Phillips Machinery Co. v. LeBlond, Inc.,
Plaintiff has also alleged that when the contract was signed by its president, he did not read it because he believed “that the agreements were similar in substance to the Agricultural Dealer Agreement for the preceding year.” Affidavit of Klopp and Keener, attached to plaintiff’s response to defendant’s motion for summary judgment. According to this affidavit, plaintiff followed this procedure and acted under this assumption from at least 1952. According to the defendant and undisputed by the plaintiff, the no-lost-profits clause was first added in 1965. The general rule is that absent an allegation of fraud or incompetence a person has a duty to read a contract before signing it and his failure to do so will not excuse his ignorance of its contents.
See Design & Development, Inc. v. Vibromatic Mfg., Inc.,
The undisputed facts show that the contract was signed on behalf of the plaintiff by a businessman with over forty years’ experience. The business relationship between the plaintiff and the defendant was of equal duration. There are no genuine issues of material facts relating to the commercial setting. As a matter of law, I conclude that there was no procedural unfairness in the execution of the contract containing the clause.
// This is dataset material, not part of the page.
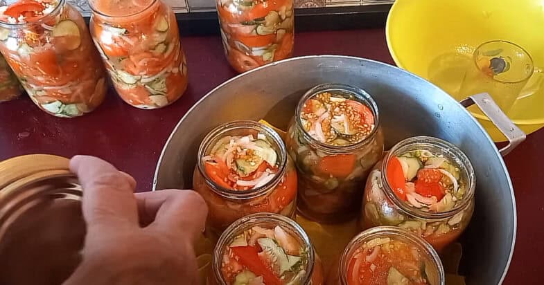 Потім банки закручую ключем, накриваю ковдрою і залишаю до повного вистигання. Ось і все, дівчатка, салат на зиму – готовий. Зимою відкриваю баночку – і ніби щойно з городу принесла огірки й помідори. Дуже смачно!
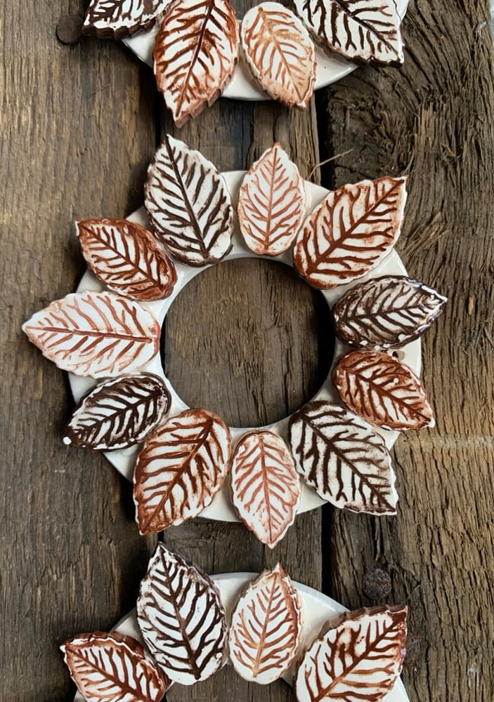 These leaves and wreath are handmade by me, if you look on my Instagram page you will see me making them, HandCraftedLove. I have attached some twine for you to use.

See Tacoma Boat Building Co. v. Delta Fishing Co.,
2. Does the alleged wrongful termination’ of the franchise effect the enforceability of the clause limiting liability?
The plaintiff has devoted much of its energy both in opposition to the original motion and in its motion for reconsideration *812 to arguing that the termination of plaintiff’s dealer franchise was wrongful. Based on this the plaintiff argues first, that the limitation clause does not apply in the case of wrongful termination and in the alternative, that wrongful termination would vitiate the limitations clause.
I reject plaintiff’s first argument that the clause does not apply in the case of a breach of the agreement because that would render it meaningless. The plain language of the clause states in the event the parties’ relationship ceases neither side will be entitled to lost profits. The plaintiff argues that the clause was intended only to make lost profits unavailable when the contract is terminated according to its terms. What the plaintiff’s interpretation overlooks is that if the contract were terminated according to its terms, there would be no breach of contract. If there is no breach, there is no right to recover and if there is no right to recover, there is no exposure to limit. Plaintiff’s interpretation reads the clause as simply stating the obvious, that is, if there is no breach, then there is no recovery. This defies common sense as well as the rules of contract interpretation. See 4 S. Williston, Contracts § 601, at 310 '(3d ed. W. Jaeger 1961) (contracts should be construed so that no terms are rendered meaningless).
Plaintiff’s second argument, that the termination was wrongful and this renders the limitation clause unenforceable, is similarly flawed. The question of whether the termination was wrongful depends upon events surrounding the notice of termination and the events which the parties contend precipitated the notice. Those facts are irrelevant to a determination of whether the limitations clause is unenforceable because it is unconscionable. The issue of unconscionability is to be determined as of the date the contract was made.
See Phillips Machinery Co. v. LeBlond, Inc.,
Notes
. The first limitation of liability clause provided: “If no new Agreement is entered into, neither party is entitled to any compensation or reimbursement for loss of prospective profits, anticipated sales or other losses occasioned by the termination of the relationship, except as provided in this Agreement.” Affidavit of Schuett, supra.